Трактирщица была годов двадцати пяти и звалась Лотхен. В ту пору добрый трактир определялся тем, насколько хороши в нем яства, ароматны вина да пригожа хозяйка. Лотхен была миловидна и пышнотела. Грудь высокая, глаз скорый, язычок острый, – она любила посмеяться с постояльцами. Не забывая придвинуть грудь или бедро поближе к разморенным брагою посетителям, дабы они обходительно возложили туда свои руки. Такая приветливость снискала добрую славу ее заведению, коим после смерти супруга правила она в одиночку.
В сей час, впрочем, лицо ее не источало радушия. Она обернулась к Мирелле:
– А ты! Что за козни тут замышляешь? В этой части не ты воду носишь! Убирайся и берегись, чтобы впредь ноги твоей поганой не было в моей кухне!
Мирелла не стала вынуждать ее повторять. Она привыкла, что ее клянут и гонят. Впрочем, прежде на нее еще не взирали так странно: беспокойно и будто с толикой испуга. Она поспешила прочь, и послышалось ей, что Лотхен процедила вослед шепотом:
– Ведьма!
Услыхав сие слово, Мирелла так и задрожала. Пощупала голову, уверилась, что волосы скрыты платком, и побежала, ссутулясь.
В развалюху, служившую им жилищем, Мирелла вошла в измождении и растерянности. Пан тоже пребывал в унынии. Он лег спать, едва покончив с похлебкой. Мирелла вытянулась рядом. Зной был жуткий, особенно наверху, в их кормушке. И как ни устала Мирелла, сон к ней не шел. В голове ее звучала какая-то назойливая ритурнель, так что никак и не отвязаться. То было чудная, одуряющая мелодия. Мирелла сомкнула очи, не зная, спит ли, бредит ли она от духоты. И представлялось ей, что ежели бьющийся в голове напев решился бы достигнуть губ, то обрушились бы на Гамельн лютые беды. Под жаркими веками являлись ей вереницы переулков, кои обегала она каждый день. Всё виделось кроваво-алым, как ее волосы. Горожане, сраженные неведомым лихом, умирали один за другим. Наконец видения перестали осаждать ее рассудок, и Мирелла провалилась в сон.
III
Девочка, чье место – самый низ
Заметив, сколь обильно льется солнце в щели между стенных досок, Мирелла подскочила. Вот же разморила духота, чума ее возьми! Проспала! Проворонила утренний разнос! Но вдруг Мирелла успокоилась. Ибо заслышала тяжелое сопение сотоварищей и вспомнила, что нынче утро прокаженных.

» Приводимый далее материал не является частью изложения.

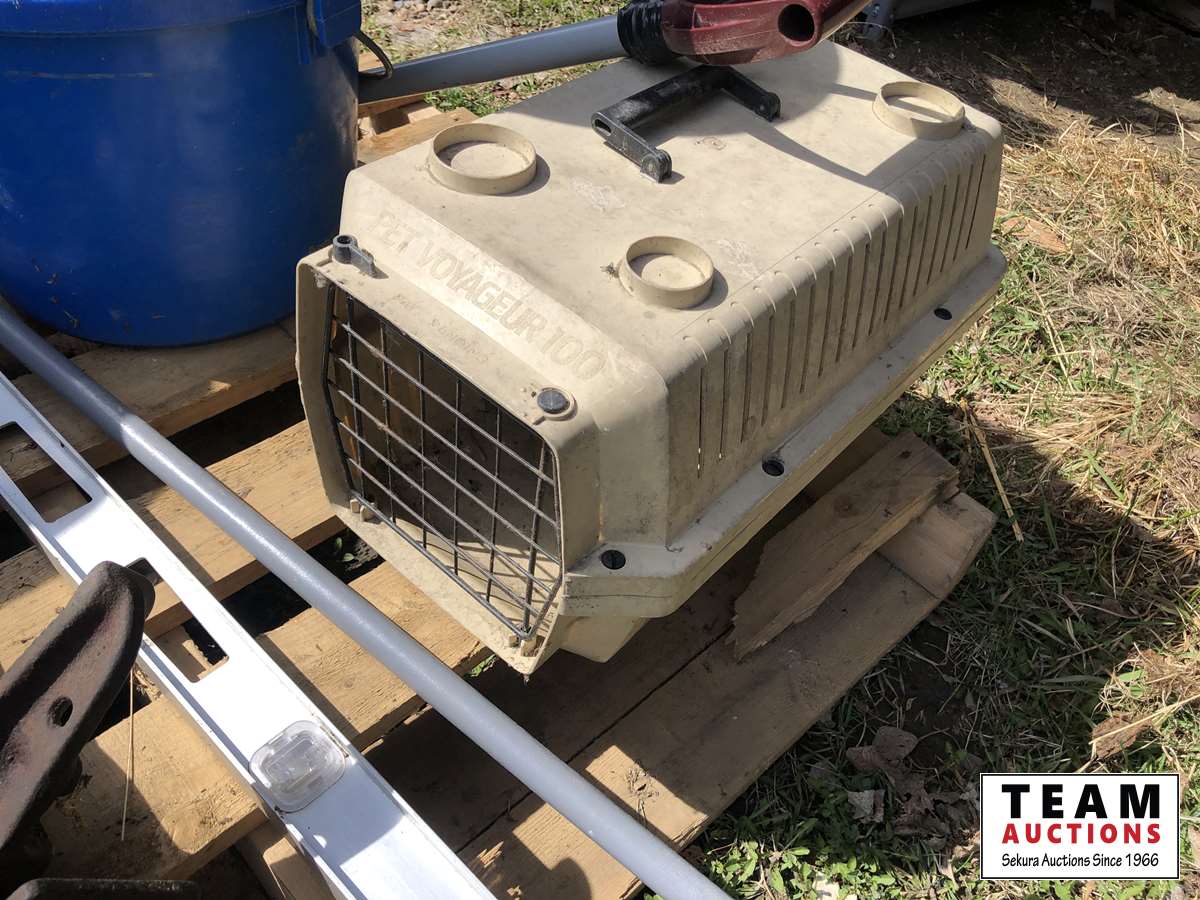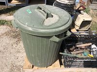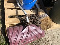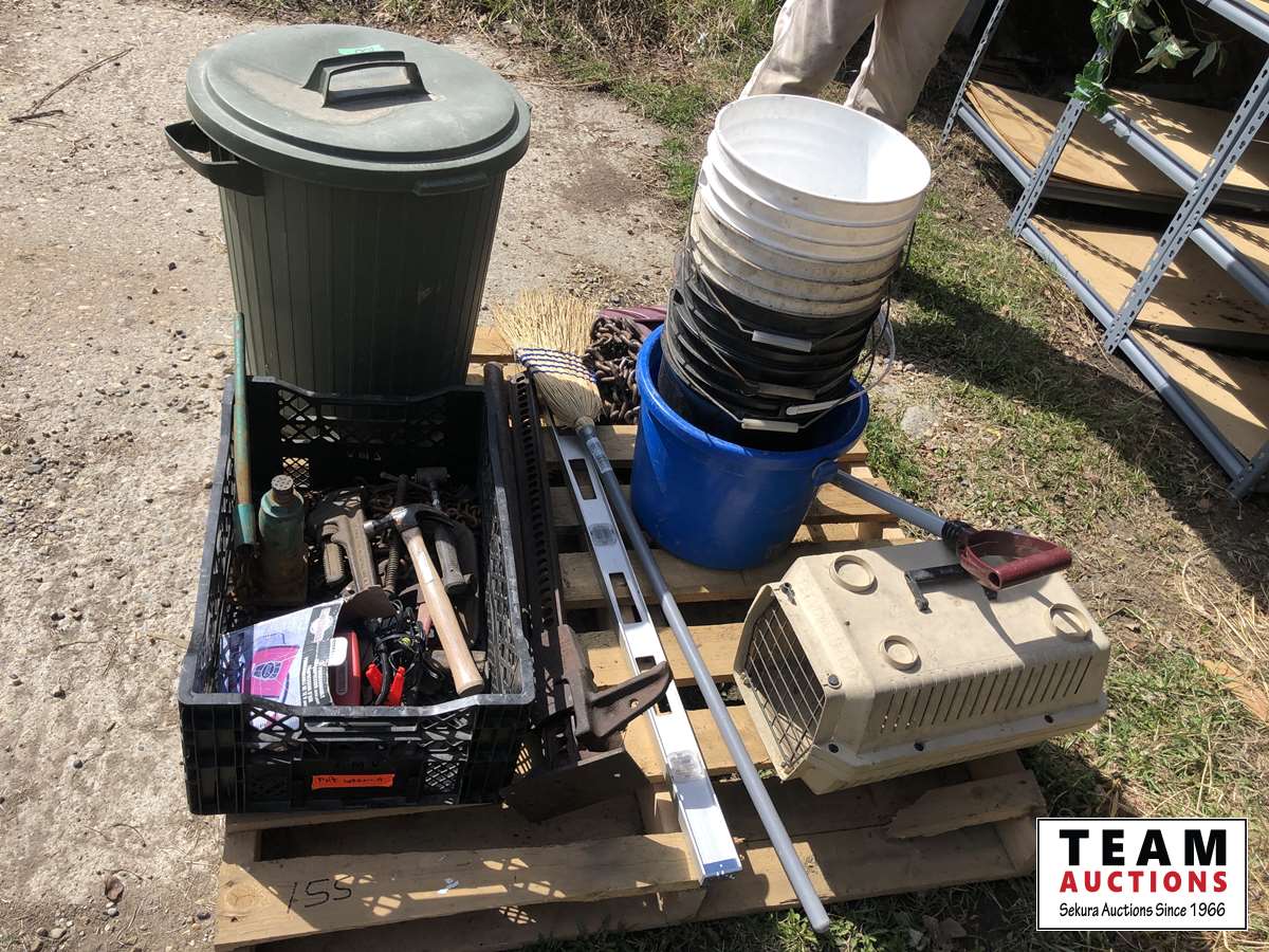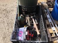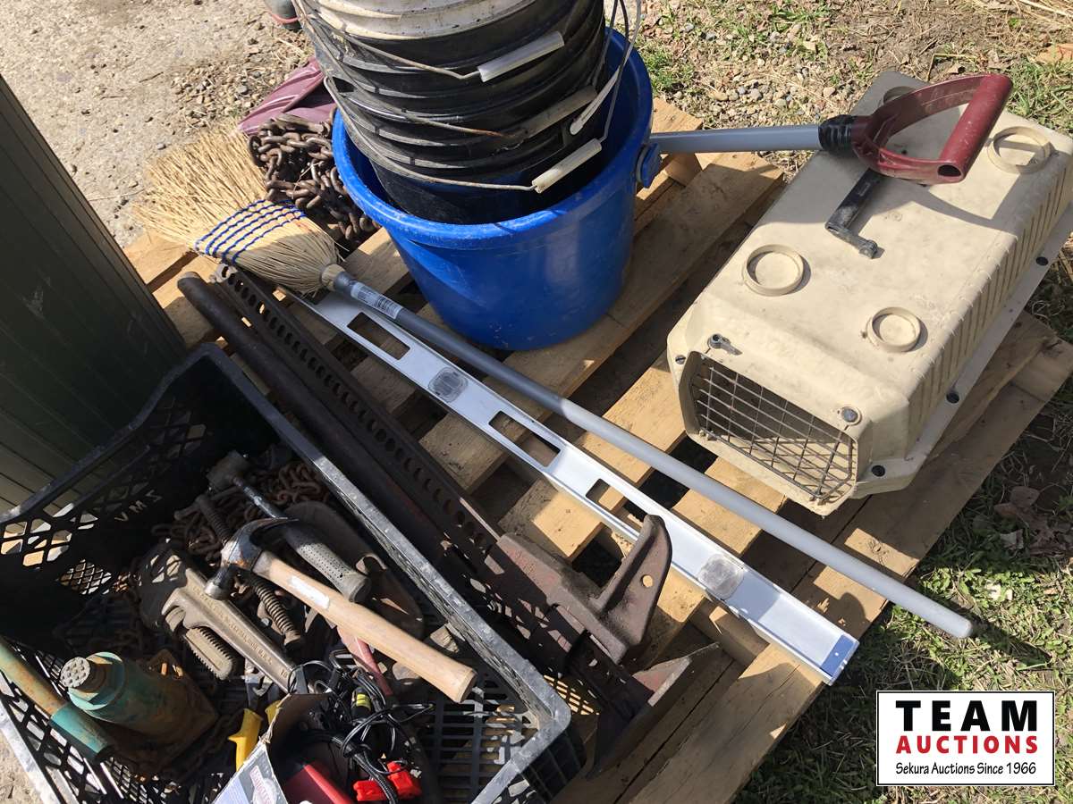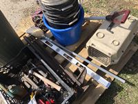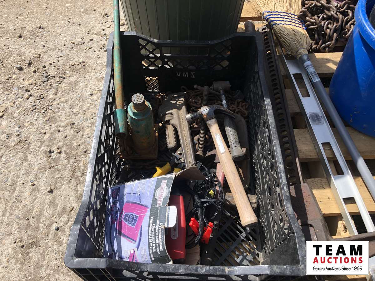 Garbage can, snow shovel, buckets, jack all, portable air compressor, pipe wrench, assorted hand tools, bottle jack, miscellaneous

Во всей Священной империи германской прокаженные изгонялись из городов. Едва приметив у себя признаки недуга, они уходили в лепрозории, поселения, где и жили всем скопом. Входить в церковь, в трактир, на мельницу, рынок или в мыльню им было заповедано. И ежели покидали они стены лепрозория, предписано им было крутить трещотку на каждый пятый шаг и закликать, дабы всякий, слыша, что они идут, укрывался подальше. Ибо самое ничтожное касание до недужного могло стать роковым.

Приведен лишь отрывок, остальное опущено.